Испуганные люди сгребали все, что у них осталось, продавали последнее, занимали где только могли, платили пану нотару за каждую бумажку гусями и курами, которые теперь уже ничего не могли изменить. Дела пана нотара процветали. А отчаявшиеся бедняки бегали от евреев к священнику, совали деньги выгнанным за пьянство с работы лесникам и налоговым чиновникам, тайно занимавшимся посредничеством, посылали к властям депутации… Но все было тщетно. Срок прошел — «пропало дело».
Да, визит трех кальновецких мужиков и старухи касался именно пенсии. Восемь лет уже они добивались ее. Люди настойчивы в поисках справедливости.
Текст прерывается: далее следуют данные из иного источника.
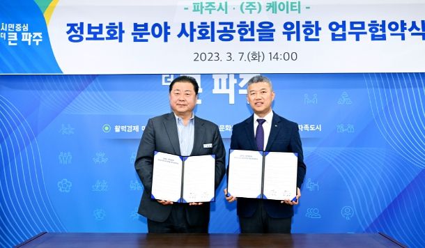 (플러스인뉴스) 파주시와 ㈜케이티는 7일 파주시청 접견실에서, 사회적 공헌을 위한 업무 협약을 체결했다고 밝혔다.

Лесник Зиллер пространно объясняет мне то, что я так хорошо знаю и без него. Затем четыре гостя, считая целесообразным возбудить во мне сочувствие, с лукаво утрированным смирением рассказывают о своей горькой нищете, которая мне тоже хорошо известна, преувеличивая то, что совсем не нуждается в дополнениях.
Я в нерешительности.
Тут нельзя пожать плечами и отделаться отговоркой. Но что им сказать? Растолковать юридическую сторону вопроса, повторить то, что они уже слышали, чего не понимают или чему не верят? Или просто сказать: вообще не существует никакой справедливости, все ваши усилия напрасны, никто за вас не заступится, никто не боится вас, потому что каждый может сделать с вами все, что ему заблагорассудится, потому что ни один пан о вас не позаботится, если вам нечего дать этому пану, если вы задаром отдаете ему свои голоса на выборах?! Или: организуйтесь! Боритесь! Или посоветовать: уповайте на будущее, на то время, когда станете опытнее, сильнее, когда станете грамотными?.. До чего это нелепо в данной ситуации! Ведь они ждут помощи, немедленной помощи.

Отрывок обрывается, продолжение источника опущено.